** Dataset content **
BEGIN

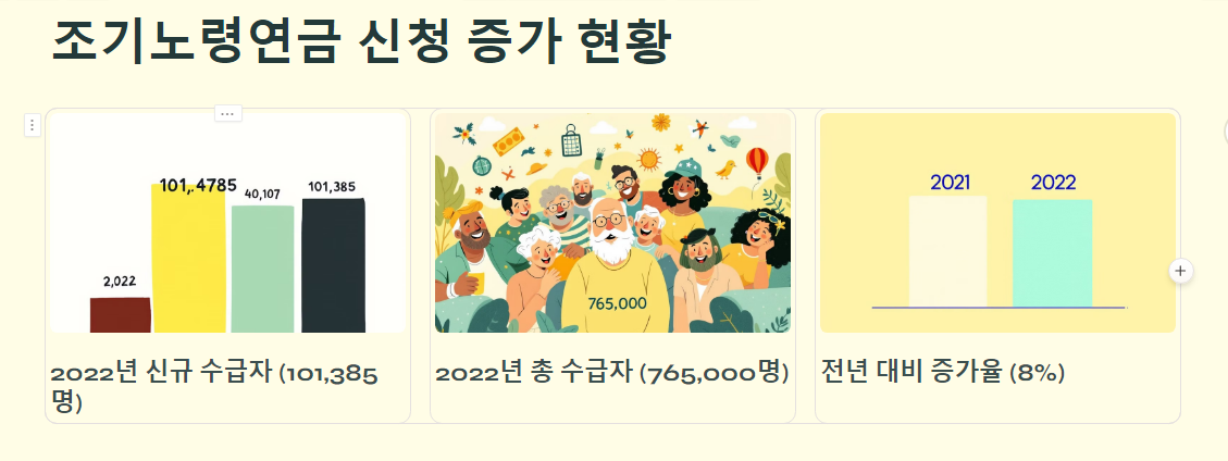 같은 해 조기노령연금 수급자는 총 76만 5천 명으로, 이는 전년 대비 약 8% 증가한 수치입니다.
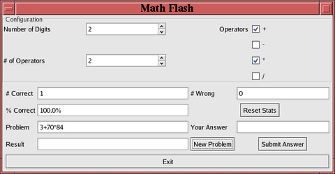 Glade and GladeGen automate much of the tedious, repetitive work that goes into creating graphical programs by removing the need to write code to create and store widgets and set up the callback functions. This allows for rapid application development of Python/GNOME/GTK applications. The finished Math Flash is shown in Figure 2. The GladeGen software can run on any system that supports Python and GTK, including Linux, UNIX, Mac OS X and Microsoft Windows.
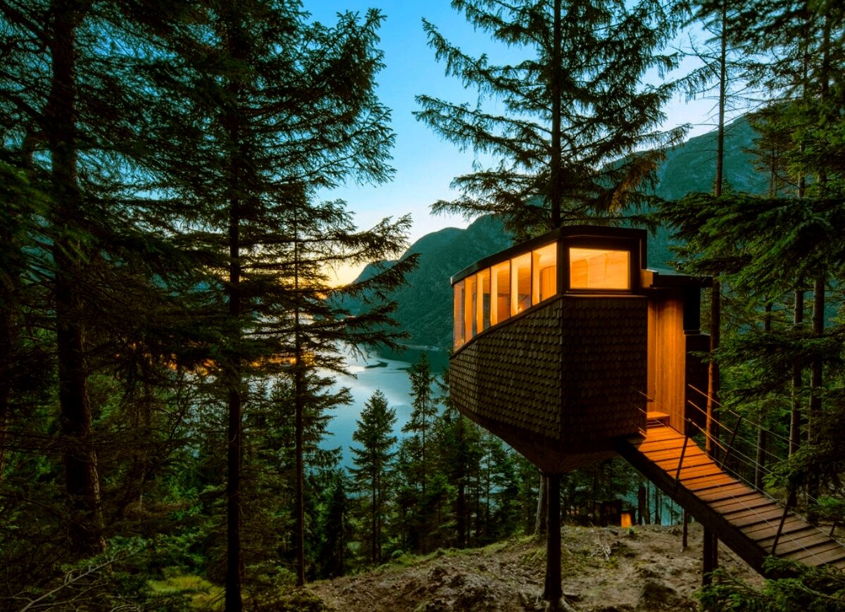Die Route nach Odda zählt zu den landschaftlich schönsten Norwegens – mit jeder Kurve eröffnet sich ein neues Postkartenmotiv. In Norheimsund und Øystese genießen Sie stille Fjordmomente, während der Steinsdalsfossen zum Spaziergang hinter einem donnernden Wasserfall einlädt. In Norheimsunds Schifffahrtsmuseum erleben Sie norwegische Seefahrertradition hautnah. Entlang des Hardangerfjords laden charmante Obsthöfe zu einer Verkostung des berühmten Hardanger Ciders ein – fruchtig, herb, unverfälscht. Kurz vor Odda lohnt ein Stopp am fotogenen Furebergfossen. Wer möchte, unternimmt noch einen Abstecher zum Folgefonna-Gletscherzentrum oder zum historischen Baroniet Rosendal. Am Abend erreichen Sie Odda, das Tor zur Trolltunga – und Ihre Unterkunft ist ein ganz besonderes Erlebnis: das Woodnest ist ein architektonisches Meisterwerk hoch in den Baumwipfeln. Ihre luxuriöse Baumhaus-Suite mit Panoramafenstern bietet Ihnen einen überwältigenden Ausblick über den Fjord. Umgeben von Vogelgezwitscher, Waldluft und skandinavischem Design genießen Sie einen Abend in völliger Ruhe – ob bei selbstgekochtem Essen oder in einem nahegelegenen Restaurant. (F)

END

** What you are asked to do **
Retype each line of the data exactly, beginning with the first; include the line containing "Glade and GladeGen" and stop there, skipping every picture.

** Expected answer **
 같은 해 조기노령연금 수급자는 총 76만 5천 명으로, 이는 전년 대비 약 8% 증가한 수치입니다.
 Glade and GladeGen automate much of the tedious, repetitive work that goes into creating graphical programs by removing the need to write code to create and store widgets and set up the callback functions. This allows for rapid application development of Python/GNOME/GTK applications. The finished Math Flash is shown in Figure 2. The GladeGen software can run on any system that supports Python and GTK, including Linux, UNIX, Mac OS X and Microsoft Windows.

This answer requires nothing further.